I've broken out the eight bills into three main categories:
Improvements to the existing system:
- Sen. Stabenow's "Medicare at 50" (Senate)
- Basically just allows those 50-64 to buy into current Medicare
- Sen. Warren / Reps. Neal/Scott/Pallone "ACA 2.0" (House / Senate)
- Actually a suite of smaller bills which repair, protect and greatly improves the ACA
*(the official titles of each are way too clunky)
Improvements to the existing system w/a Robust Public Option added:
- Sen. Whitehouse / Rep. Schakowsky's "CHOICE Act" (House / Senate)
- Sen. Schatz / Rep. Ray Lujan's "State Public Option Act" (House / Senate)
- Sens. Bennet & Kaine / Rep. Delgato's "Medicare X" (House / Senate)
- Sens. Merkley & Murphy / Rep. Richmond's "Choose Medicare" (House / Senate)
Guaranteed Universal Coverage:
- Reps. DeLauro & Schakowsky's "Medicare for America" (House)
- (keeps private insurance as an option for half the country)
- Sen. Sanders' / Rep. Jayapal's "Medicare for All" (House / Senate)
- (eliminates virtually all private major medical insurance for everyone)
Here's my methodology:
- The green "Yes" fields are cases where a sitting member of the House or Senate is listed as an official cosponsor of the bill or, if not a sitting member of Congress, has made a definitive public statement in support of a specific bill.
- The yellow "Yes?" fields are cases where the candidate has made public statements/comments which strongly suggest that they'd be open to the bill even if it's not their first preference. Note that I could be wrong in some of these cases; some statements leave things open to interpretation.
- The red "No" fields are cases where the candidate has made public statements/comments in which they make it pretty clear that they find the bill unacceptable.
- The "?" fields are cases where the candidate hasn't made any statements indicating whether they'd support or oppose the bill, or where I just have't seen such a statement.
Besides the official Congress.gov cosponsor record, I mostly used this recent survey by the NY Times of 19 of the candidates, along with various other comments or responses several candidates have given over the past few months.
It's important to note that Sen.
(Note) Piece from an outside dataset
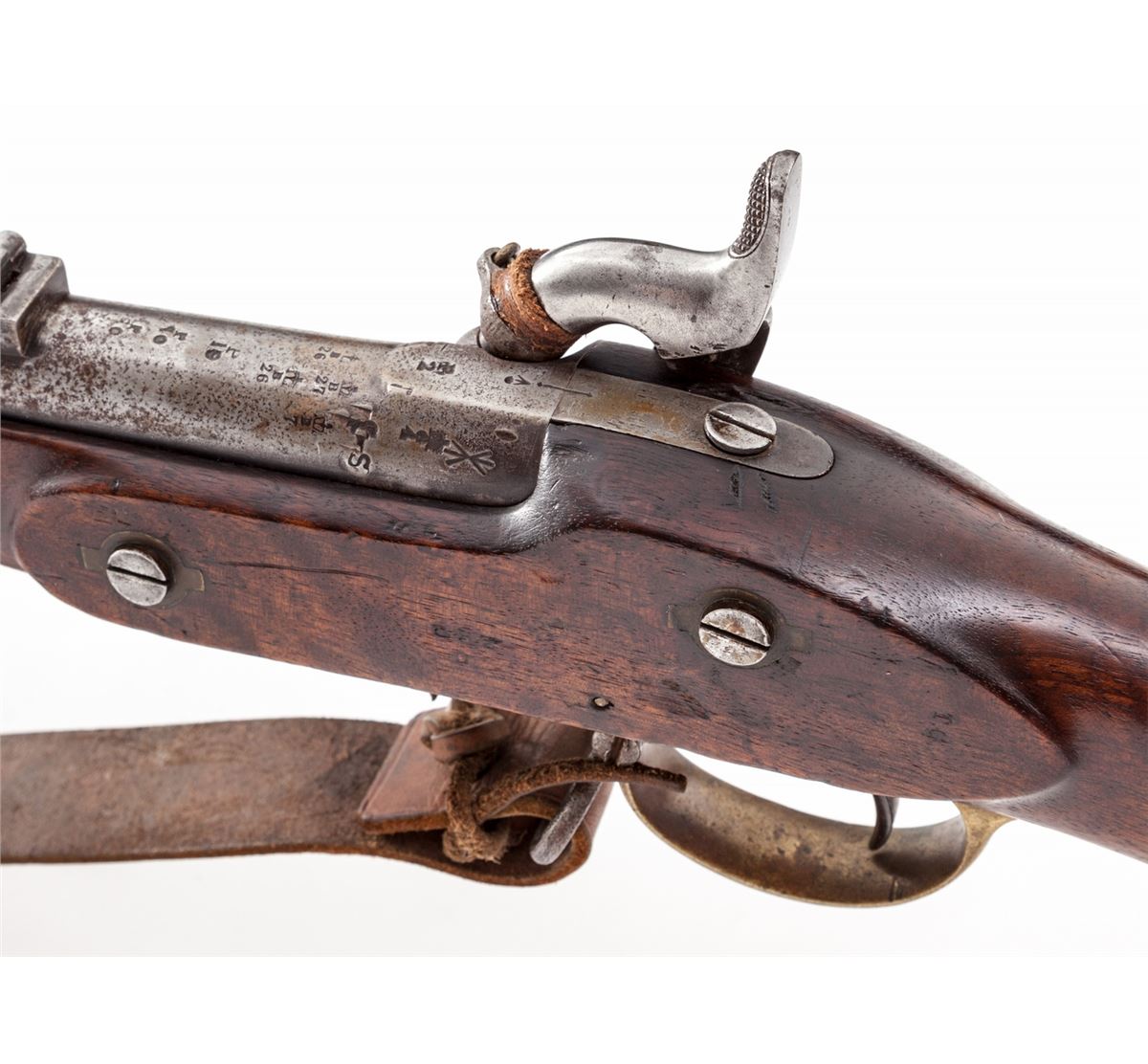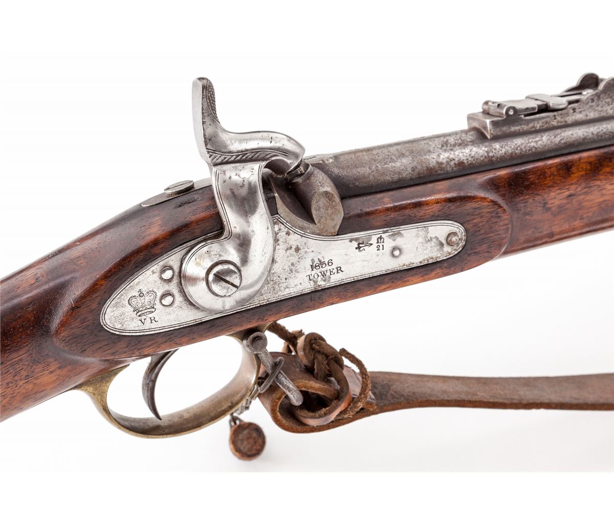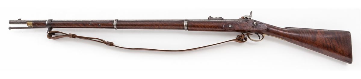 2nd Pattern 1853 Enfield Three-Banded Rifled Musket, by Tower (1856), NVSN, .577 cal., 36'' barrel, lion and ''WD'' cartouched walnut stock, brass buttplate, triggerguard and forend cap. Bottom edge of stock is neatly stamped ''J.P. Beadle-J. Borne New ImG7''. James P. Beadle (1863-1947) was an English painter of historical and military scenes. He is famous for battlescapes depicting scenes from the Peninsula War, Franco-Prussian War, Boer War, and WWI. His father was Major Gen. James P. Beadle as well. His most notable work being ''Neuve Chapelle'', 10 March 1915, ''Dawn: Waiting to Go Over, and Breaking the Hindenburg Line''. Ramrod and WWI era leather sling are present, as is leather nipple cover. Condition is very good to fine with light to moderate general frosting to barrel assembly. Stock with just light marks from handling. Action is crisp, bore is fair. Est.: $2,000-$3,000. (Antique)

Sanders cosponsored the 2017 version of Sen. Schatz's "State Public Option Act" as well as the 2018 version of Sen. Warren's ACA 2.0 Act (CHIPA)...before stripping his name as a cosponsor of each for the 2019-2020 legislative session and then trashing the House version of ACA 2.0 as being unacceptable even as a short-term solution. Make of that what you will.
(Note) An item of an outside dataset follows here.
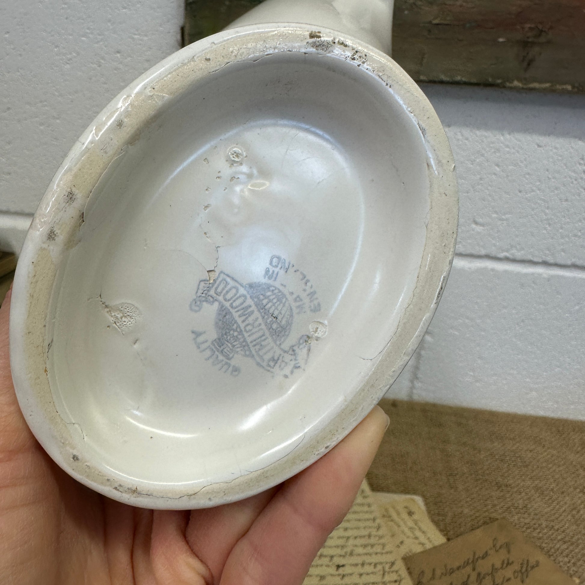 Stunning delicate white mantle vase made by Author Wood. Some crazing & a small hairline to the pottery due to age please see the picture

My point is that all of the bills listed below are good, and they'd all represent a significant improvement to existing law.
The irony of this is that WHATEVER the Big Healthcare Overhaul Bill ends up being (and remember, all of this assumes a blue trifecta, with Democrats retaking the White House and Senate while retaining control of the House), it’s NOT going to end up looking exactly like ANY of the current plans on the table anyway.
Again, I may be a strong proponent of Medicare for America, but I still recognize that even if that becomes the basis for the final bill, there would no doubt be some changes made before it gets passed by the House, Senate and signed into law by whichever candidate below ends up winning...and that's fine.